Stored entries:
_ _ _ _ _
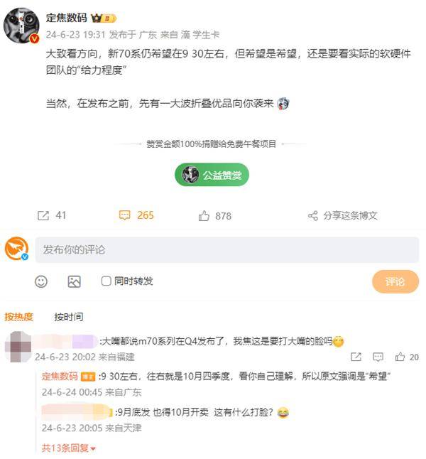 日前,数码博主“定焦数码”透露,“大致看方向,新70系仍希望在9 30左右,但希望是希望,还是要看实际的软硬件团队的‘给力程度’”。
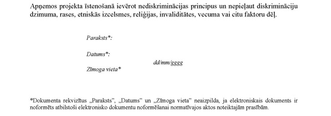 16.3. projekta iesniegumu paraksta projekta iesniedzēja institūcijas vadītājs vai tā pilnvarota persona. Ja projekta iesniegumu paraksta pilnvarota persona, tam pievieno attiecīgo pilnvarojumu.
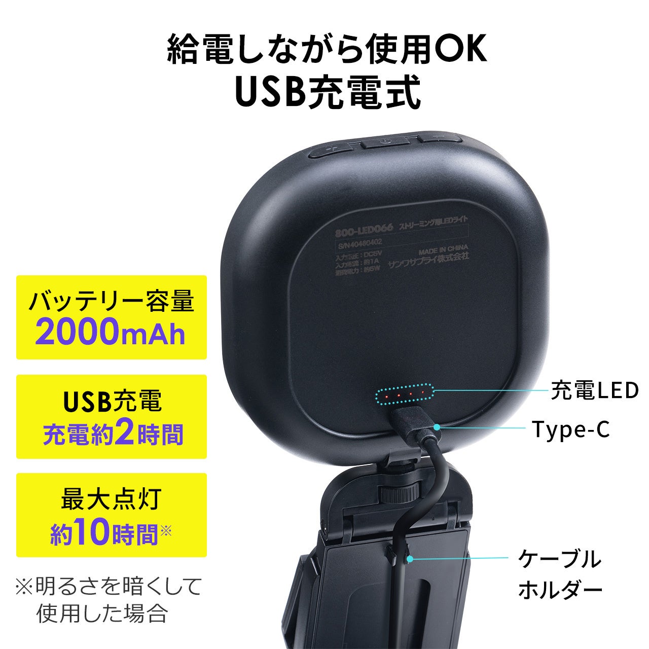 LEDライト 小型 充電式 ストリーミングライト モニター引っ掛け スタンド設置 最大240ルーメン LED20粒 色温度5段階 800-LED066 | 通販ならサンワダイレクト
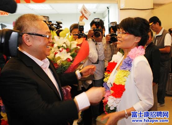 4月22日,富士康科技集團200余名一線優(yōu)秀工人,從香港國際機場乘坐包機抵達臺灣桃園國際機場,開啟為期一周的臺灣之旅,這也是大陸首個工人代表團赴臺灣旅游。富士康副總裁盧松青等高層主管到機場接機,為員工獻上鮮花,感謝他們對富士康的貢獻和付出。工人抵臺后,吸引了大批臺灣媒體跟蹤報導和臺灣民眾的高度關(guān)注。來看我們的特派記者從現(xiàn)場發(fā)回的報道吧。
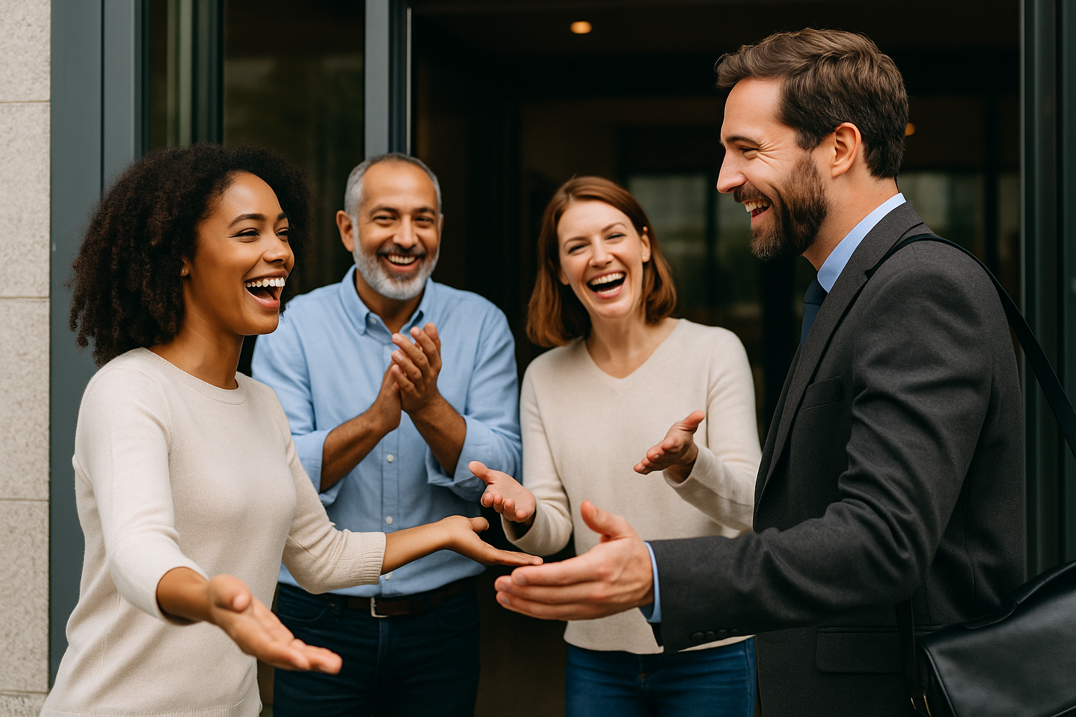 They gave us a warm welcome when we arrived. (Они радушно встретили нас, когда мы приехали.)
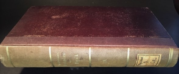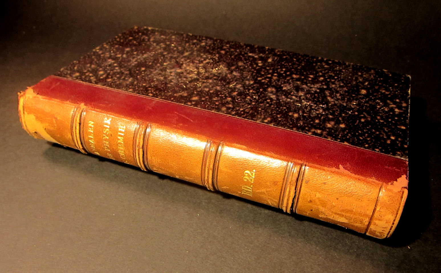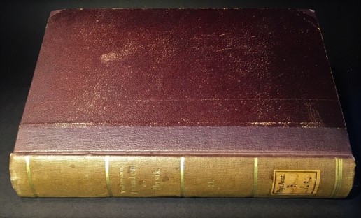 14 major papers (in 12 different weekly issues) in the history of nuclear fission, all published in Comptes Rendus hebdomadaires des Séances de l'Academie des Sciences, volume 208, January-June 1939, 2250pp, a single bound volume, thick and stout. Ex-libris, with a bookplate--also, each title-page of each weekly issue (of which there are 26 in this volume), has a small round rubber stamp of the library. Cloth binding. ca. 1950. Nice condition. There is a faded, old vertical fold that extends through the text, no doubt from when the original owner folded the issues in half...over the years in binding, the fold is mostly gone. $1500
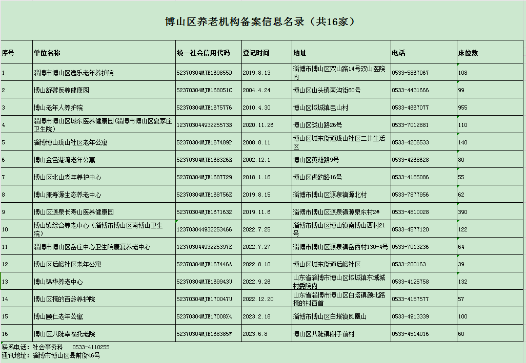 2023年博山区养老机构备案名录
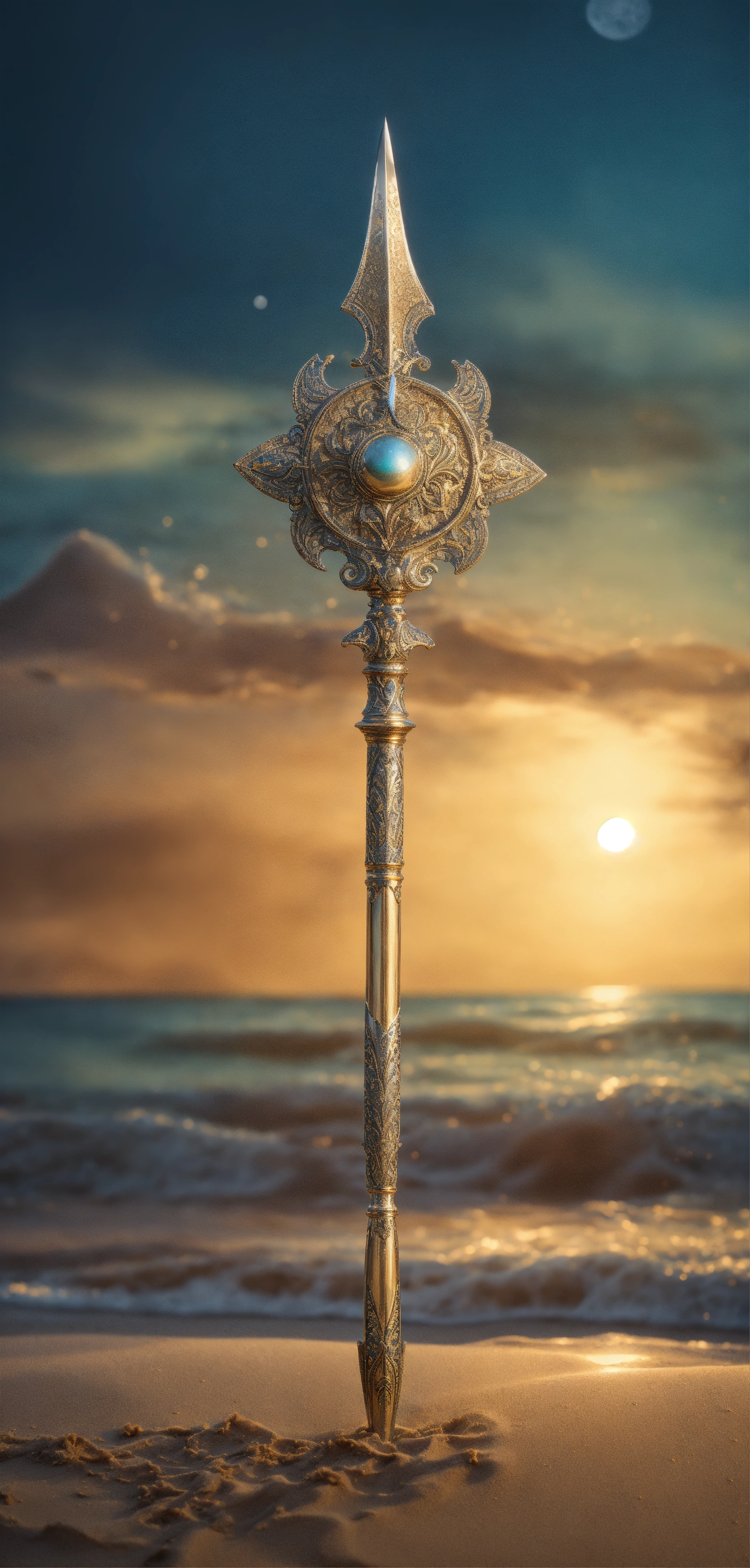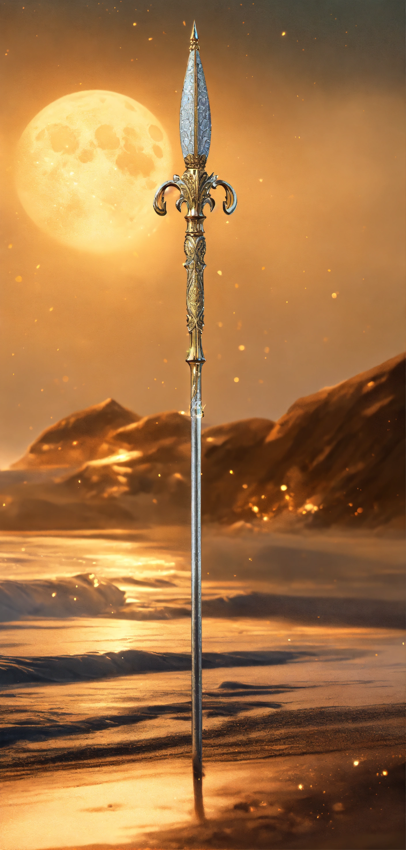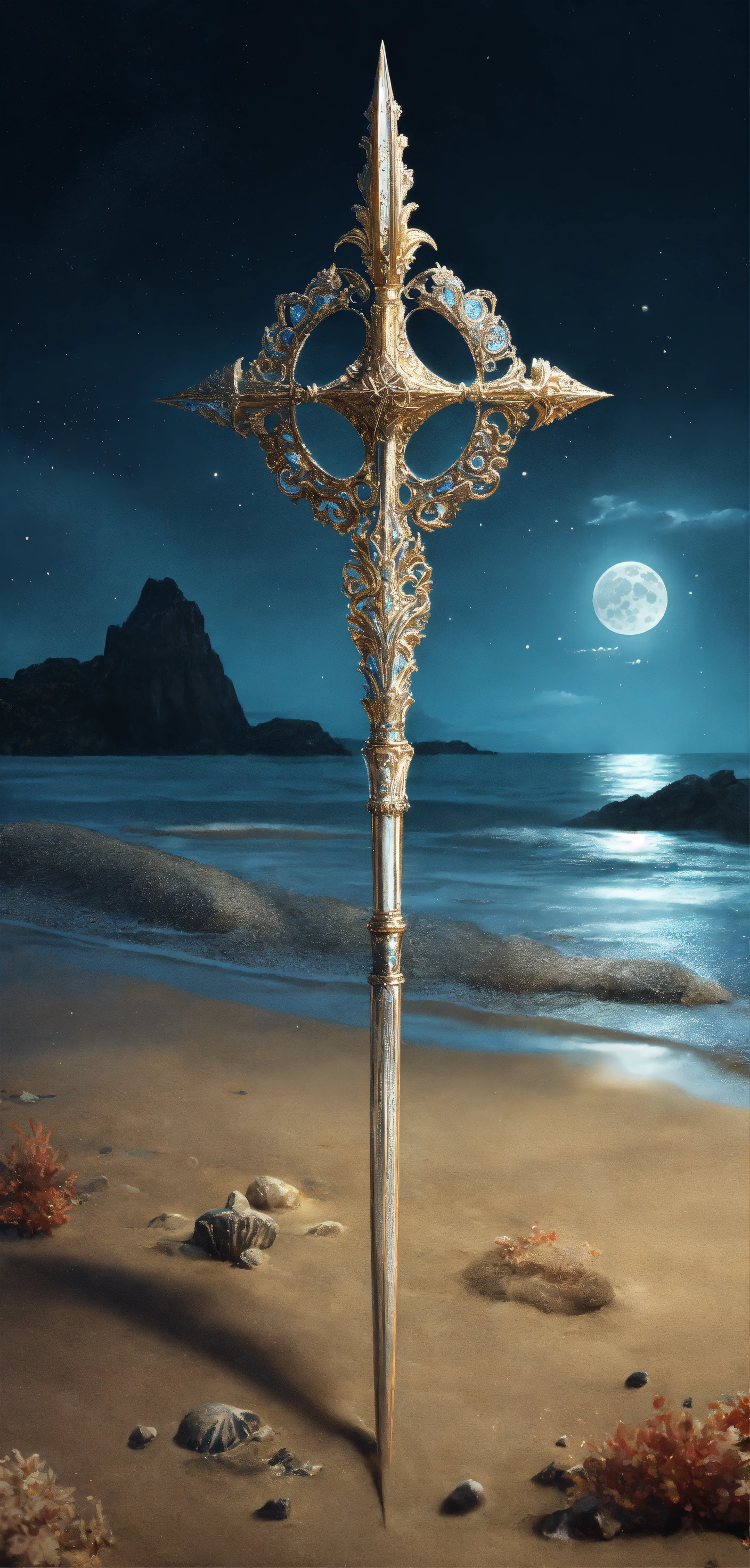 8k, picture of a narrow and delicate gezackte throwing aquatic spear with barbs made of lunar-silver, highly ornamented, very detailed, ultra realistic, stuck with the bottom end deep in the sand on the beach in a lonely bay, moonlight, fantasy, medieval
_ _ _ _ _
▶ [What this task involves]:
All of the data is to be returned exactly, with no pictures included.

▶ [Task answer]:
 日前,数码博主“定焦数码”透露,“大致看方向,新70系仍希望在9 30左右,但希望是希望,还是要看实际的软硬件团队的‘给力程度’”。
 16.3. projekta iesniegumu paraksta projekta iesniedzēja institūcijas vadītājs vai tā pilnvarota persona. Ja projekta iesniegumu paraksta pilnvarota persona, tam pievieno attiecīgo pilnvarojumu.
 LEDライト 小型 充電式 ストリーミングライト モニター引っ掛け スタンド設置 最大240ルーメン LED20粒 色温度5段階 800-LED066 | 通販ならサンワダイレクト
 4月22日,富士康科技集團200余名一線優(yōu)秀工人,從香港國際機場乘坐包機抵達臺灣桃園國際機場,開啟為期一周的臺灣之旅,這也是大陸首個工人代表團赴臺灣旅游。富士康副總裁盧松青等高層主管到機場接機,為員工獻上鮮花,感謝他們對富士康的貢獻和付出。工人抵臺后,吸引了大批臺灣媒體跟蹤報導和臺灣民眾的高度關(guān)注。來看我們的特派記者從現(xiàn)場發(fā)回的報道吧。
 They gave us a warm welcome when we arrived. (Они радушно встретили нас, когда мы приехали.)
 14 major papers (in 12 different weekly issues) in the history of nuclear fission, all published in Comptes Rendus hebdomadaires des Séances de l'Academie des Sciences, volume 208, January-June 1939, 2250pp, a single bound volume, thick and stout. Ex-libris, with a bookplate--also, each title-page of each weekly issue (of which there are 26 in this volume), has a small round rubber stamp of the library. Cloth binding. ca. 1950. Nice condition. There is a faded, old vertical fold that extends through the text, no doubt from when the original owner folded the issues in half...over the years in binding, the fold is mostly gone. $1500
 2023年博山区养老机构备案名录
 8k, picture of a narrow and delicate gezackte throwing aquatic spear with barbs made of lunar-silver, highly ornamented, very detailed, ultra realistic, stuck with the bottom end deep in the sand on the beach in a lonely bay, moonlight, fantasy, medieval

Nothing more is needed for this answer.